> ABOUT THIS TASK
In the entries below, find the line with "Sign firmata da" and the line with "먼저 뼈대가 되는 방수포가"; reproduce those two lines and all lines between them exactly, without pictures.

> DATASET ENTRIES

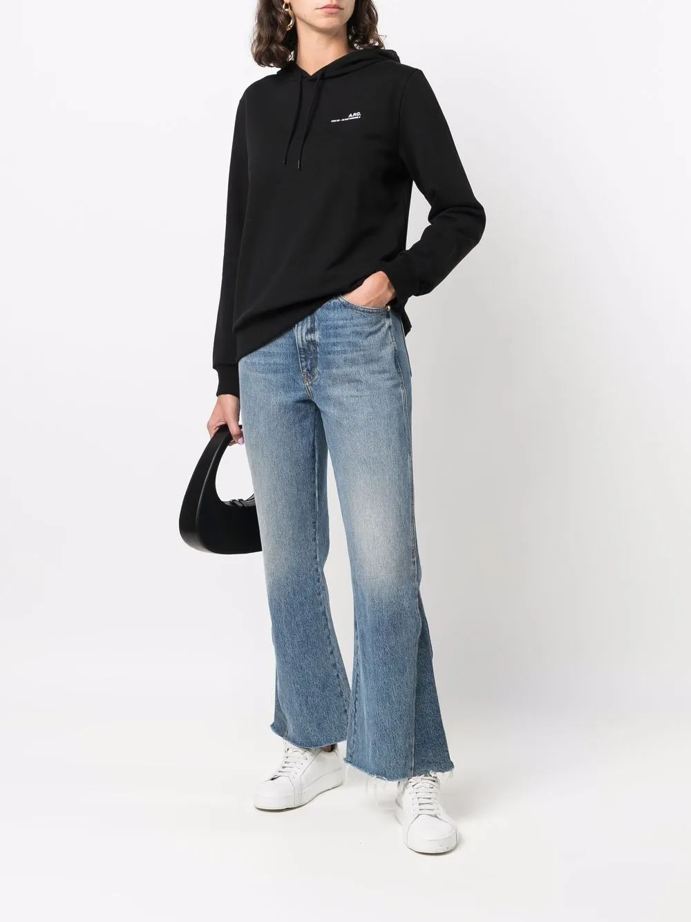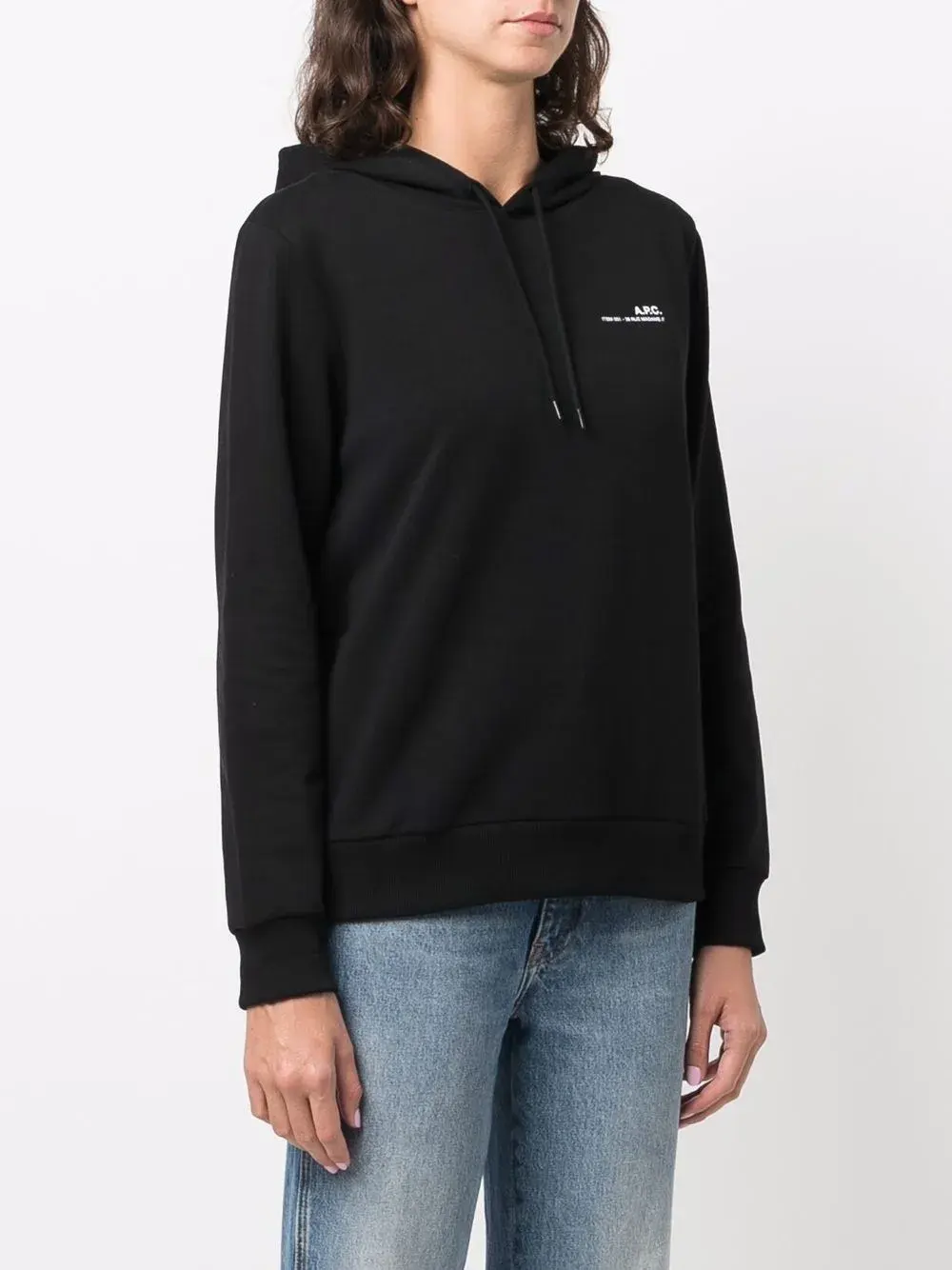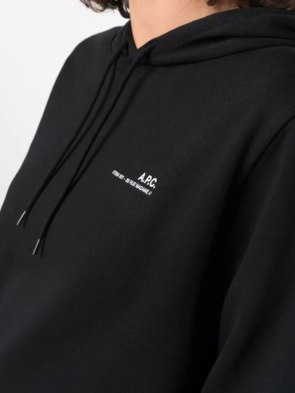 Флисовый материал, принт с логотипом на груди, затягивающийся на шнурок капюшон, длинные рукава и прямой подол.
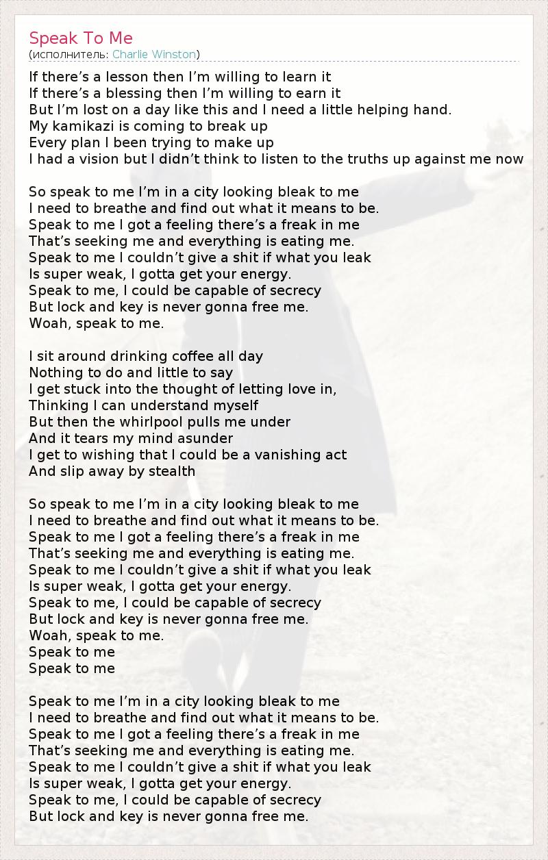 If there’s a lesson then I’m willing to learn it If there’s a blessing then I’m willing to earn it But I’m lost on a day like this and I need a little helping hand. My kamikazi is coming to break up Every plan I been trying to make up I had a vision but I didn’t think to listen to the truths up against me now So speak to me I’m in a city looking bleak to me I need to breathe and find out what it means to be. Speak to me I got a feeling there’s a freak in me That’s seeking me and everything is eating me. Speak to me I couldn’t give a shit if what you leak Is super weak, I gotta get your energy. Speak to me, I could be capable of secrecy But lock and key is never gonna free me. Woah, speak to me. I sit around drinking coffee all day Nothing to do and little to say I get stuck into the thought of letting love in, Thinking I can understand myself But then the whirlpool pulls me under And it tears my mind asunder I get to wishing that I could be a vanishing act And slip away by stealth So speak to me I’m in a city looking bleak to me I need to breathe and find out what it means to be. Speak to me I got a feeling there’s a freak in me That’s seeking me and everything is eating me. Speak to me I couldn’t give a shit if what you leak Is super weak, I gotta get your energy. Speak to me, I could be capable of secrecy But lock and key is never gonna free me. Woah, speak to me. Speak to me Speak to me Speak to me I’m in a city looking bleak to me I need to breathe and find out what it means to be. Speak to me I got a feeling there’s a freak in me That’s seeking me and everything is eating me. Speak to me I couldn’t give a shit if what you leak Is super weak, I gotta get your energy. Speak to me, I could be capable of secrecy But lock and key is never gonna free me.
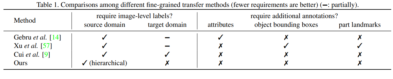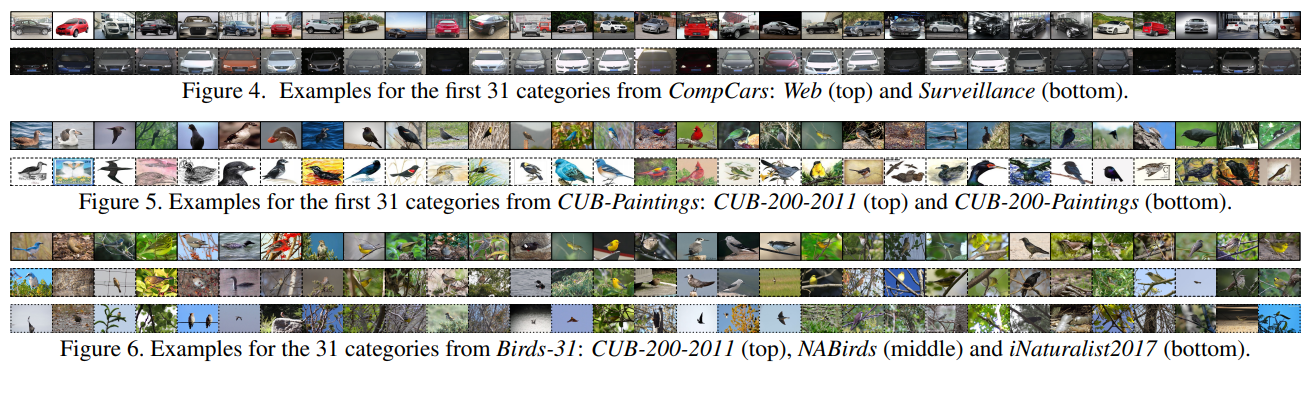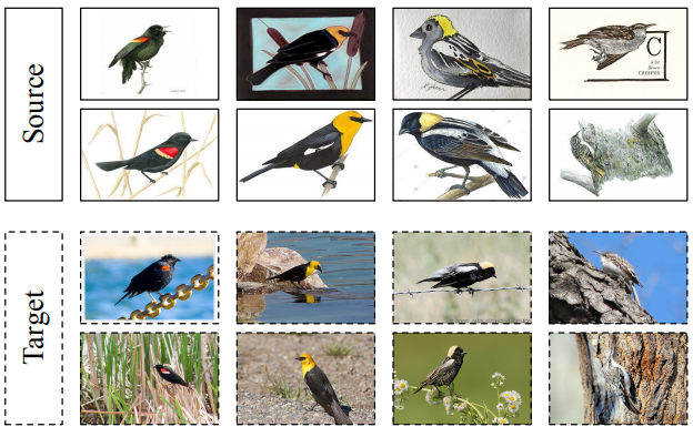 Figure 1. The fine-grained domain adaptation problem is characterized by the entanglement of large inter-domain variations, small inter-class variations, and large intra-class variations, which differs from classic domain adaptation scenario in granularity. From left to right: red-winged blackbirds, yellow-headed blackbirds, bobolinks, and brown creepers.
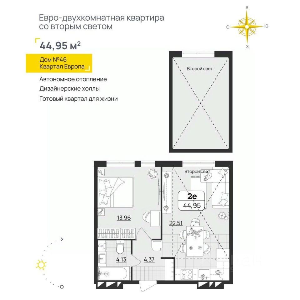 ЖК ПРЕМЬЕРА НА УКСМ Дом 4 Квартира с функциональной и продуманной планировкой: большая кухня и только полезные метры. Сдается в базовой отделке: выполнена стяжка пола, лоджии остеклены, установлены счетчики, заведен кабель для подключения интернета. Установлены качественные металлические входные двери с надежной фурнитурой. Дополнительно вы можете выбрать любой вид отделки от застройщика — ''whitе bох'' или ''whitе bох PRO'' с полностью готовым санузлом, а также ''под ключ'' в стиле Утро или Вечер. В каждом подъезде — колясочные для хранения малогабаритного транспорта, видео-домофонная связь, вход в подъезд по смарт картам. Холлы с прозрачными входными группами и современным интерьером. Есть возможность приобрести кладовую на своем этаже площадью 10,44 м2. Дом с крышной котельной. Больше не нужно переживать о начале отопительного сезона и перебоях с горячей водой и переплачивать за ''коммуналку''. Уютные дворы оборудованы игровыми и спортивными площадками для детей разного возраста и взрослых. Благодаря небольшому количеству домов у вас не возникнет проблем с парковкой. Все социально значимые объекты — рядом с домом •гипермаркет Магнит •школа со сквером через дорогу •Александровский парк •новый детский сад (сдан в 2023г.) •проектируется новая поликлиника •аквапарк Улет Квартира находится на 2 этаже в 1 подъезде
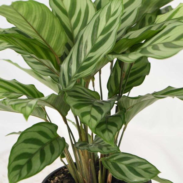 Colour and texture that instantly makes your day bright, the Calathea Freddy, is a smaller but handsome indoor or outdoor (given the right undercover position) plant. A pattern of pastel versus bright green, like looking into a calm and collected kaleidoscope. This Calathea is bursting with full and attractive foliage ready to purify the air in your home and add the most attractive splash of green with those slightly ruffle-edged and fascinating leaves.
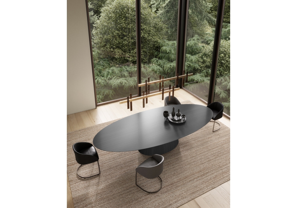Sign firmata da Giuliano Cappelletti per Emmemobili è una sedia con telaio strutturale in metallo e imbottitura in schiumato rivestito in pelle o velluto. La base, leggermente flettente, può essere realizzata in acciaio o in ottone.
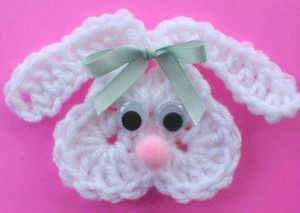 Materials: : Crochet Hook size H, 7 yds white worsted yarn, pink 1/2” pompon, 2 – 12 mm moveable eyes, and 4” ribbon 1/4” wide, glue.
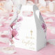 Denna eleganta dammiga rosa genomskinliga blommiga dopfavorlåda kan anpassas med din information i chic typografi. Designad av Thisisnotme©
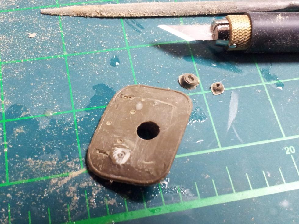 먼저 뼈대가 되는 방수포가 없는 포방패의 모습을 눈여겨 봅니다. 약간 둥그스럼한 사각형에 아주 약간의 곡면을 가졌으며 대체로 편평합니다. 타미야는 방수포를 씌운 모습을 재현하였지만 지금 기준으론 좀 어색하고, 양 눈(?)이 벌어져 있습니다 ㅎㅎ 아카의 포방패는 역삼각형에다가 곡면이 포탑형상에 맞게 과하게 휜 것 같은 느낌입니다.. 그래서 타미야의 것을 가지고 가공해 보기로 합니다!
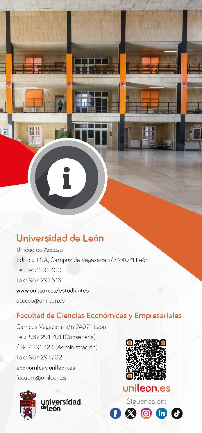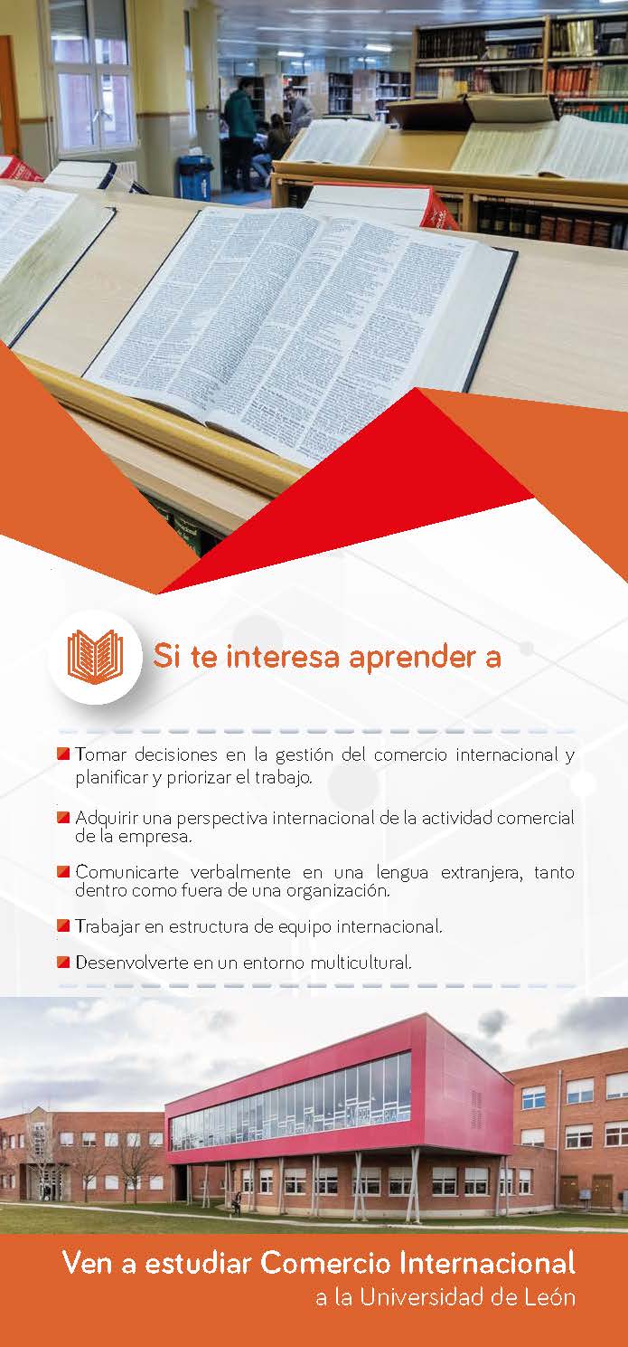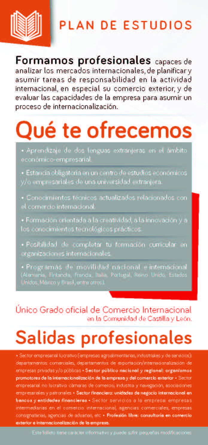 Coordinador del Título de Grado: Pablo Gutiérrez Rodríguez (pablo.gutierrez@unileon.es) ~ Despacho nº 172 Coordinadores de curso Curso 1º: Yolanda Fernández Santos ~ Despacho nº 155 Curso 2º: Mario Díaz Martínez ~ Despacho nº 98 Curso 3º: Nuria González Rabanal ~ Despacho nº 128-A Curso 4º: Rosana Fuentes Fernández ~ Despacho nº 165 Comisión de Coordinación Grado en Comercio Internacional Resolución 9329 ( BOE 127, 28 mayo 2011)| Tríptico Informativo | Degree in International Trade (GCI) |
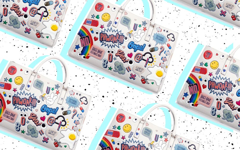 Anya Hindmarch, ebury maxi stickered-up leather tote, $3,500, available at Net-A-Porter.
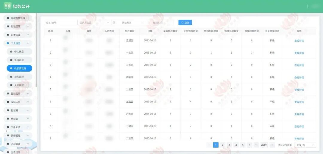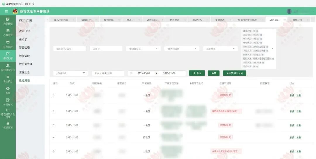 在监管安全方面,平台创设 “行为数据 + 文本分析” 双重监测机制,表情识别系统异常识别准确率达77%,助力民警成功化解多起潜在风险。实时采集罪犯学习轨迹、浏览记录等数据,智能分析异常行为,提示民警及时进行谈话疏导。
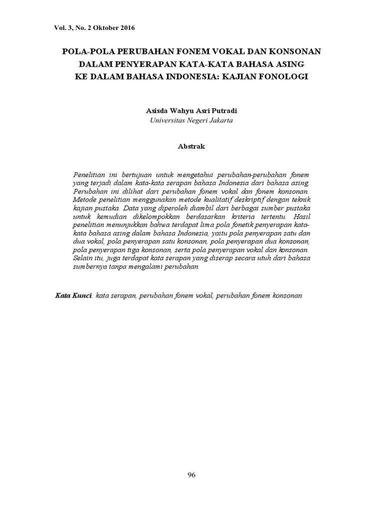PDF) POLA-POLA PERUBAHAN FONEM VOKAL DAN KONSONAN DALAM PENYERAPAN KATA-KATA BAHASA ASING KE DALAM BAHASA INDONESIA: KAJIAN FONOLOGI
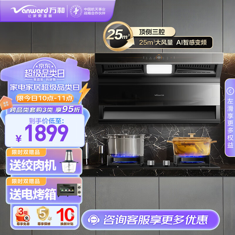 万和(Vanward)顶侧双吸油烟机 三腔直流变频抽油烟机 25m3/min大吸力 1000Pa风压 家用自清洗油烟机 WL860价格:1898.00元!

> COMPLETED TASK
Sign firmata da Giuliano Cappelletti per Emmemobili è una sedia con telaio strutturale in metallo e imbottitura in schiumato rivestito in pelle o velluto. La base, leggermente flettente, può essere realizzata in acciaio o in ottone.
 Materials: : Crochet Hook size H, 7 yds white worsted yarn, pink 1/2” pompon, 2 – 12 mm moveable eyes, and 4” ribbon 1/4” wide, glue.
 Denna eleganta dammiga rosa genomskinliga blommiga dopfavorlåda kan anpassas med din information i chic typografi. Designad av Thisisnotme©
 먼저 뼈대가 되는 방수포가 없는 포방패의 모습을 눈여겨 봅니다. 약간 둥그스럼한 사각형에 아주 약간의 곡면을 가졌으며 대체로 편평합니다. 타미야는 방수포를 씌운 모습을 재현하였지만 지금 기준으론 좀 어색하고, 양 눈(?)이 벌어져 있습니다 ㅎㅎ 아카의 포방패는 역삼각형에다가 곡면이 포탑형상에 맞게 과하게 휜 것 같은 느낌입니다.. 그래서 타미야의 것을 가지고 가공해 보기로 합니다!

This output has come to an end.